* PROBLEM DETAILS *
Which lines come from the start of the listing through the line holding "În urma impactului"? Restate exactly those, both included, minus the pictures.

=== DATA SECTION ===

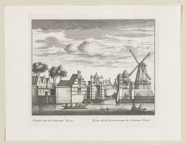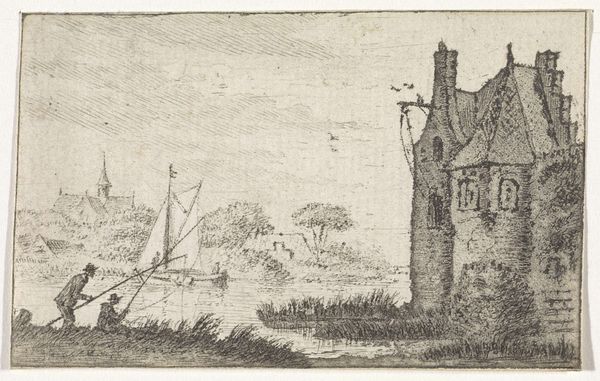Editor: Here we have a 17th-century etching titled "Building with a dilapidated tower by a drawbridge." It's by an anonymous artist and is currently held at the Rijksmuseum. The scene feels incredibly still, almost frozen in time, despite the presence of figures and a working drawbridge. What do you see in this piece, looking beyond just the surface details? Curator: The etching feels steeped in symbolic weight, doesn't it? Notice the ruined tower. Towers often represent ambition, aspiration, and defense, but in its dilapidated state, it suggests a past glory, a decline, perhaps even a warning against hubris. How do you think the presence of the drawbridge functions as a symbol here? Editor: I hadn't considered the tower in that way! With the drawbridge, I guess it seems to point toward connection and transition, but also to division, maybe an active guarding of what is within the city from what's without? Curator: Precisely! The bridge is the active connection, yet it requires constant human intervention. The little figure operating the bridge contrasts with the stillness of the buildings, reminding us of human agency, but also fragility against the backdrop of history, decline and memory embedded within the architecture. Doesn't the combination tell a larger story of power, trade and possible isolation? Editor: I can see that. So, it's not just a snapshot of a place, but a commentary on the times? It’s amazing how much depth is conveyed through what seems like a simple sketch! Curator: Absolutely. Each element, the bridge, the crumbling tower, even the boats, resonate with historical echoes. Paying attention to those echoes is key. We glimpse here cultural memories surrounding Dutch trade empires as well as constant vigilance. Editor: Looking at the buildings and landscape with these symbols in mind, I get a richer, more layered view. Thanks, I hadn't really seen this complexity at first glance.
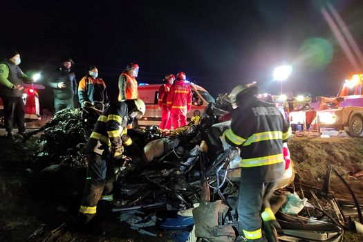 În urma impactului frontal, cele două persoane, soţ şi soţie, în vârstă de 40, respectiv 36 de ani, aflate în autoturism au rămas încarcerate.
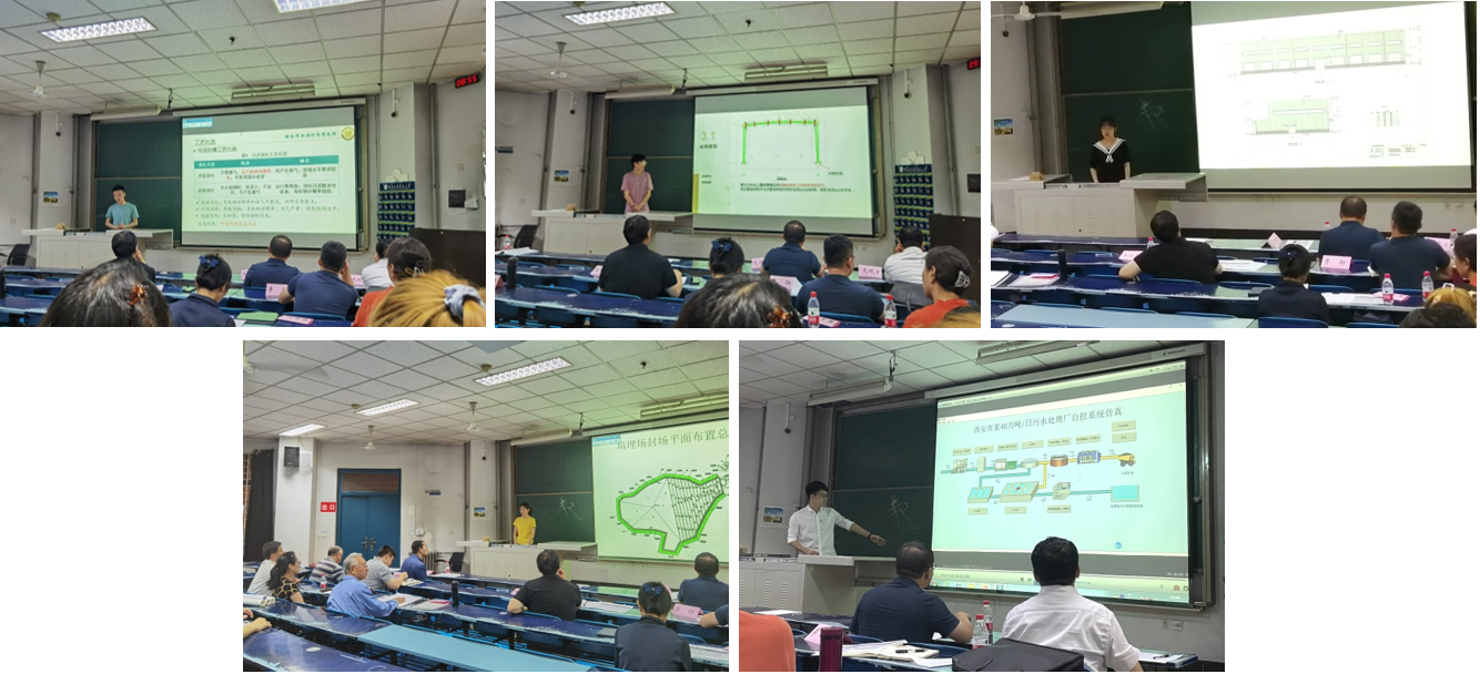 、土木学院、建科学院和管理学院的师生们共同努力,目前已经连续有效实施三年。这三年来,参与教师进行不断优化完善,逐年扩大专业配比,更新设计题目,优化设计内容。2021年(今年)在设计选题方向上又有新的突破,在污水处理工程设计方向的基础上,增加了固体废物处理工程设计方向,增加了新的教师参与。跨专业联合毕业设计是采用设计院运行模式,培养学生在多学科背景下解决复杂工程问题的能力。通过跨学科-多专业的深度交流,使学生掌握设计过程中不同专业沟通、交底的程序方法,提高学生工程认知、分析、解决、表达和交流能力,实现了多专业背景协同解决复杂环境工程问题的能力培养,构建了工程教育创新型实践模式。答辩会分两个阶段进行。
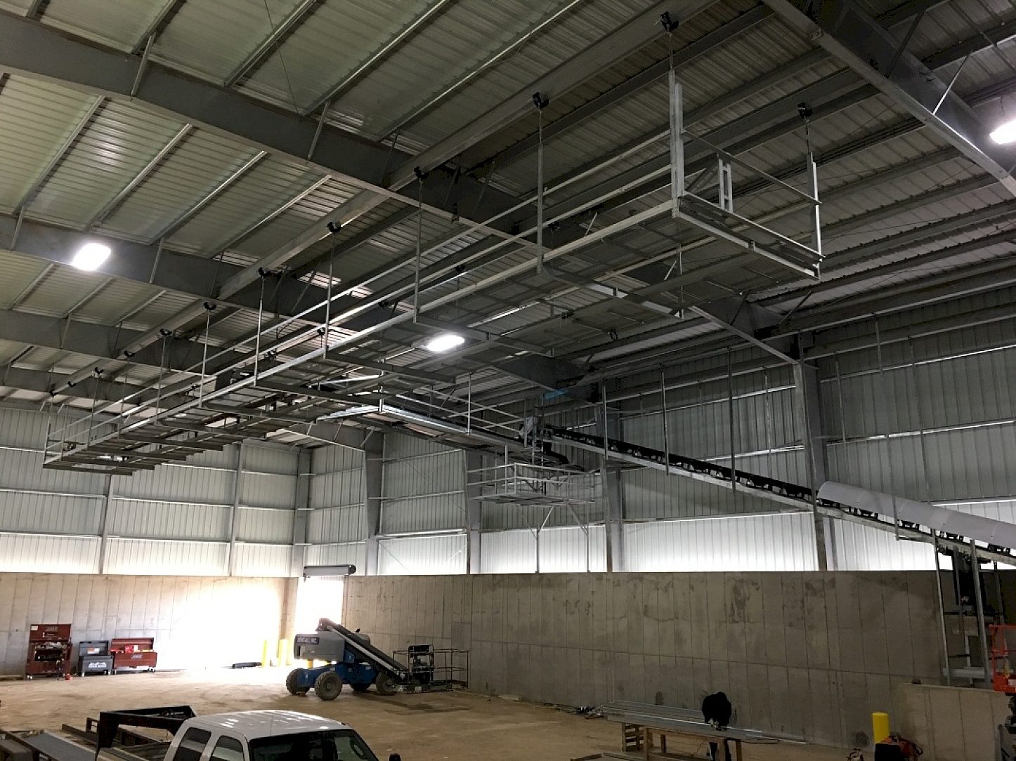 The quick application for hot dip galvanizing was also seen on this project. Foundations where started in November of 2016 and the facility will be operational as of November 3rd 2017. In that time, fabrication of the steel beams, guide rails and conveyers needed to take place. Along with fabrication, hot dip galvanizing application and erection of the facility needed to be done quickly enough to then allow for the state of the art computer monitoring system, amenities, and chickens to be put in. When you account for transportation of all of the materials to the job site, a 1 year start to finish timeframe of a 48,000 sf building is no small feat. Proper communication from the fabricator, galvanizer, trucking, and placement crew was crucial to this timeframe being met.
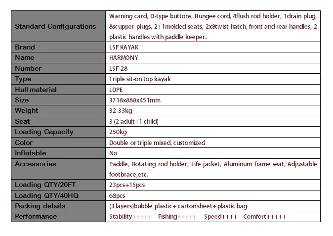 Packing Details : bubble bag+carton sheet+plastic bag , three layers strong package to prevent the kayak from damage in transport.
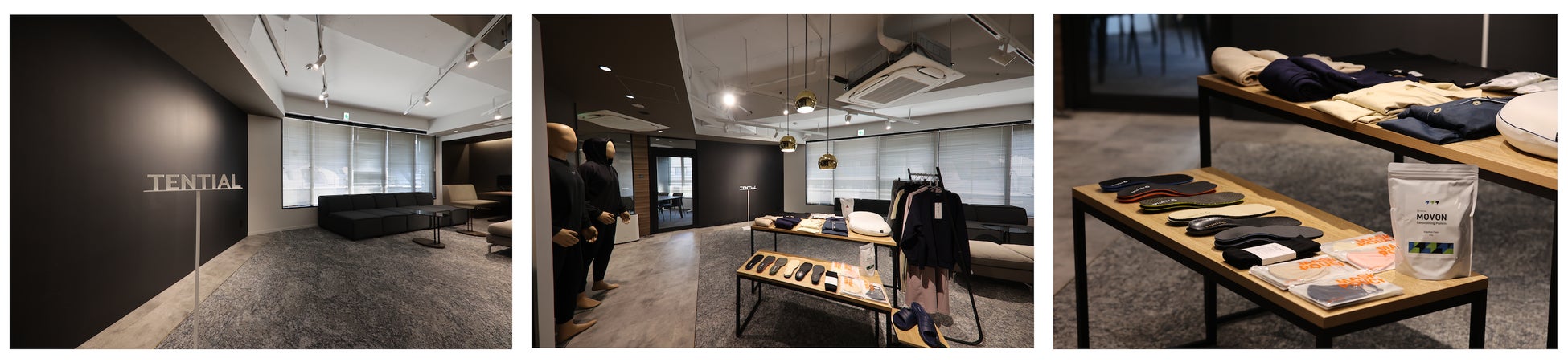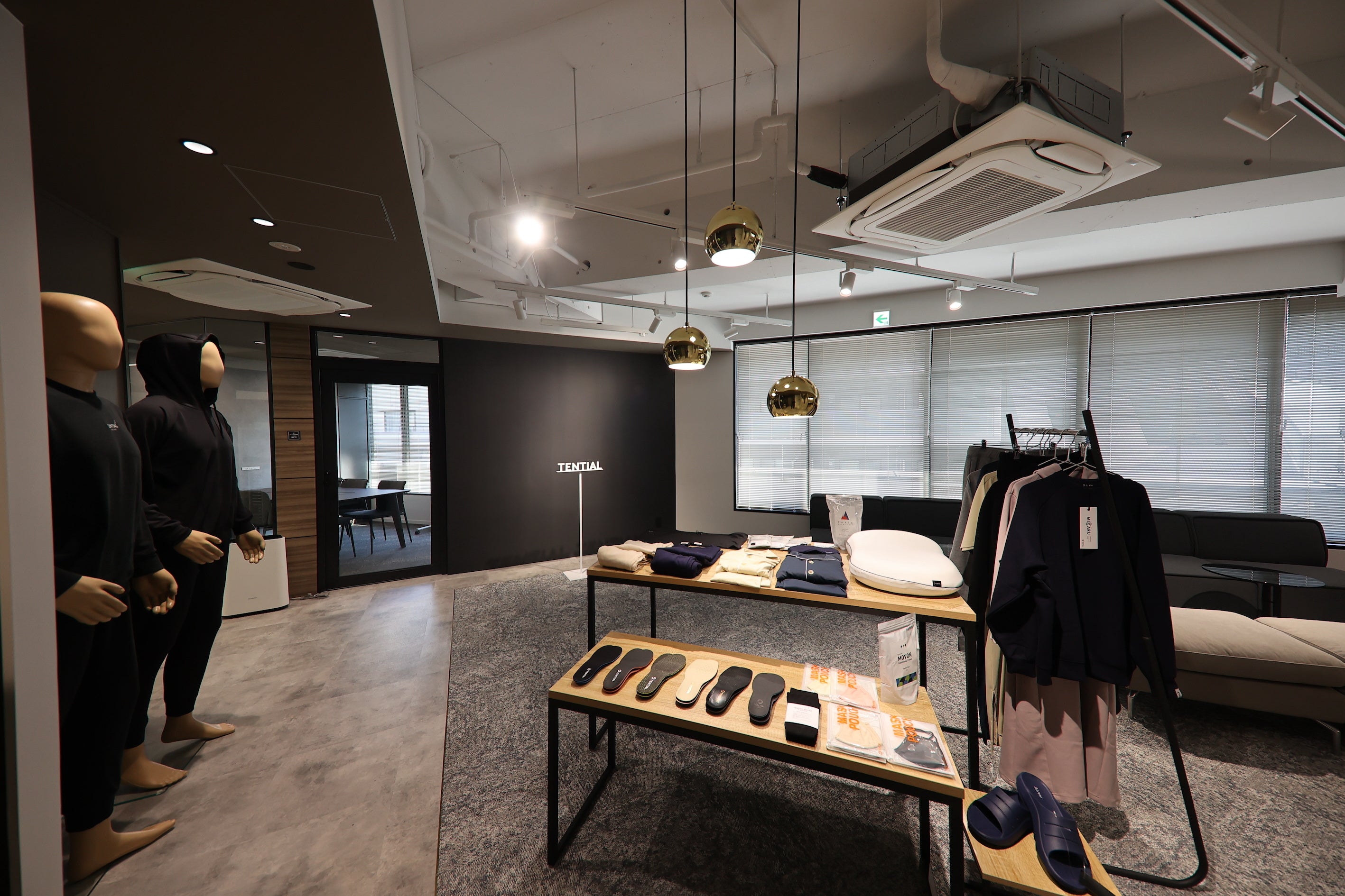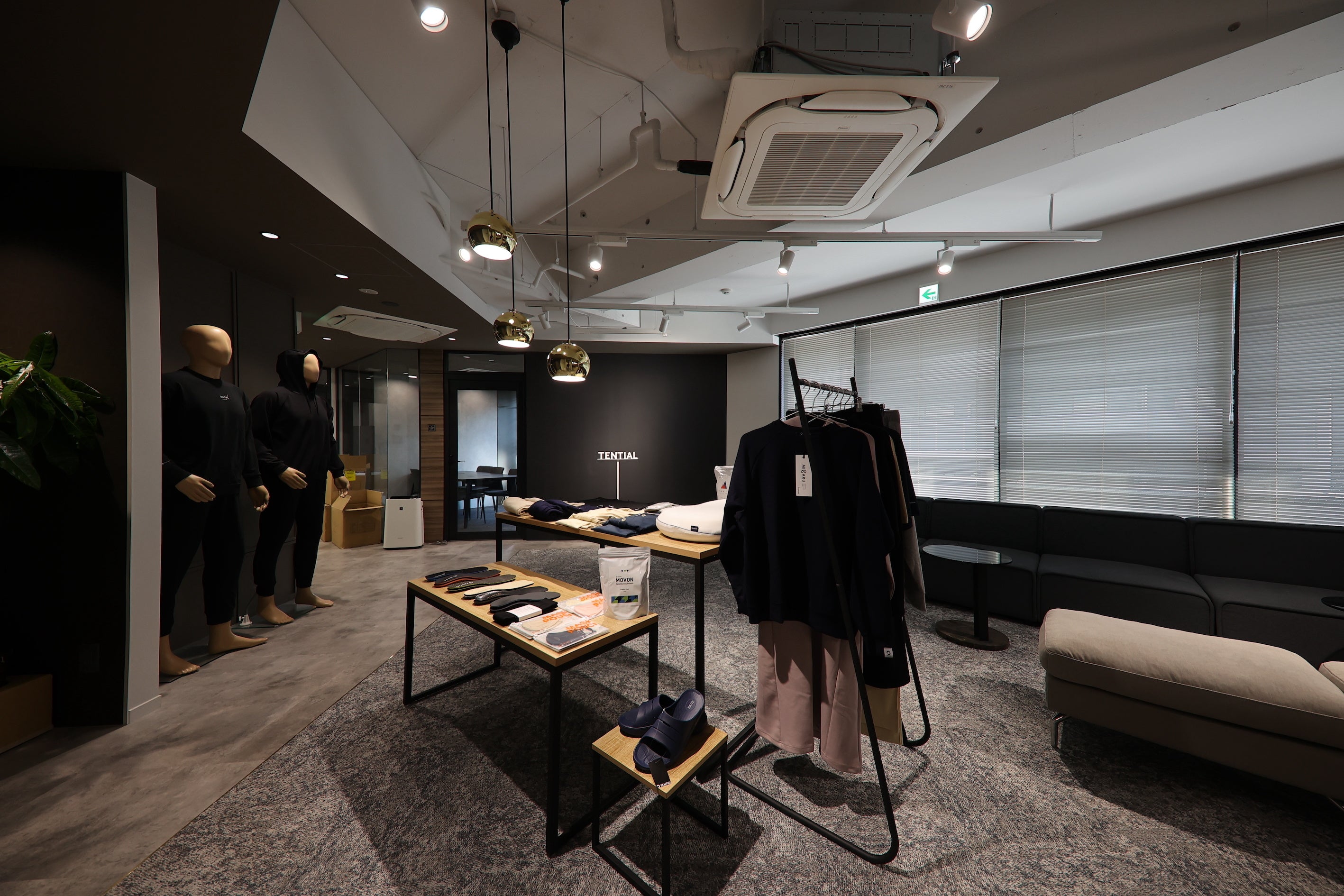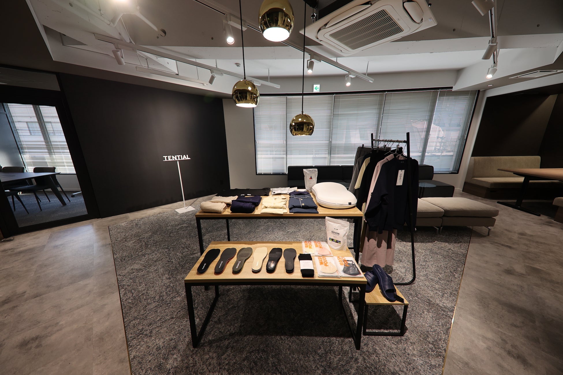 オフィスに訪問いただいた方に、よりテンシャルを知っていただきたいと考え、エントランスには「TENTIAL」製品の展示スペース『TENTIAL Showcase』を新設いたしました。主にオンラインで展開している製品を、実際に触れることができ、製品の機能性やこだわりを感じられるような空間となっています。

===

* SOLVED PROBLEM *
Editor: Here we have a 17th-century etching titled "Building with a dilapidated tower by a drawbridge." It's by an anonymous artist and is currently held at the Rijksmuseum. The scene feels incredibly still, almost frozen in time, despite the presence of figures and a working drawbridge. What do you see in this piece, looking beyond just the surface details? Curator: The etching feels steeped in symbolic weight, doesn't it? Notice the ruined tower. Towers often represent ambition, aspiration, and defense, but in its dilapidated state, it suggests a past glory, a decline, perhaps even a warning against hubris. How do you think the presence of the drawbridge functions as a symbol here? Editor: I hadn't considered the tower in that way! With the drawbridge, I guess it seems to point toward connection and transition, but also to division, maybe an active guarding of what is within the city from what's without? Curator: Precisely! The bridge is the active connection, yet it requires constant human intervention. The little figure operating the bridge contrasts with the stillness of the buildings, reminding us of human agency, but also fragility against the backdrop of history, decline and memory embedded within the architecture. Doesn't the combination tell a larger story of power, trade and possible isolation? Editor: I can see that. So, it's not just a snapshot of a place, but a commentary on the times? It’s amazing how much depth is conveyed through what seems like a simple sketch! Curator: Absolutely. Each element, the bridge, the crumbling tower, even the boats, resonate with historical echoes. Paying attention to those echoes is key. We glimpse here cultural memories surrounding Dutch trade empires as well as constant vigilance. Editor: Looking at the buildings and landscape with these symbols in mind, I get a richer, more layered view. Thanks, I hadn't really seen this complexity at first glance.
 În urma impactului frontal, cele două persoane, soţ şi soţie, în vârstă de 40, respectiv 36 de ani, aflate în autoturism au rămas încarcerate.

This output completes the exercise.